Back at K's place, we did our first DIY lunch in what felt like ages then made our way into the city, straight into Flinders Street station on the train. First stop was Federation Square and a view over the Yarra river, then we were on 'Masterchef Australia' location hunting. First success was 'Movida' and the alley adjacent to it; next was 'The Press Club'. The months before our trip we had become addicted to the show so this was a bit like a groupie pilgramage.
Some more wandering in the city, we had a coffee in Burke Street, window shopped in the Burke St mall and explored some of the alley ways to either side, crammed full of speciality shops, from boutiques selling hats to more coffee and cake places.
Then, we had our first Melbourne Tram experience, riding the 64 line back to K's place, where he had been slaving away over our supper: mediterranean style hake in parcels. After we'd eaten, we met up with a former Pretorian, G (who we'd been friendly with in London) and his wife D for a catch up and home baked brownies.
Day 45
Tue 01 Mar
After breakfast, took a tram into the city and headed straight for the Queen Victoria Market, one of Melbourne's biggest fresh produce markets. The market has several large food halls, divided into meat, fish, fruit, veg, deli goods. Awesome. And then another few large halls full of flea market tat. We wandered up and down, bought some fruit, a bit of lunch and some souvenirs. We also bought a tasteful gift for our host K.
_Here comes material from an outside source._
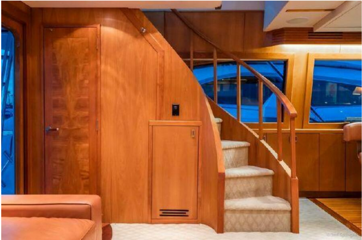
2008 77 Enclosed Bridge "Desperado"-Stairway

After lunch we picked up a hire car and then headed for the Dandenongs, an area of hills and valleys and rainforesty type stuff, about an hour East of Melbourne. Great drive and lovely meandering rode up towards Mount Dandenong (633m). We stopped at the National Rhodendendrum Gardens, which are truly spectacular, and where we got a little lost amongst the plants. We were a little late in the season to see them in their full flowering glory but still a fantastic place to visit. We pushed on to the village of Sassafras for some tea and scones, but missed last orders (at 16:30!) at most of the shops.
Back in Melbourne we had a few hours to freshen up and then headed out to my cousins A & V who lived virtually around the corner from K. It was a big family affair with A&V's sons, cousin B and wife K and their youngest and cousin N. Over schnitzel, falafel and chips, my Melbourne family were properly introduced to La and we picked their brains for stuff to do in our last full day in Melbourne.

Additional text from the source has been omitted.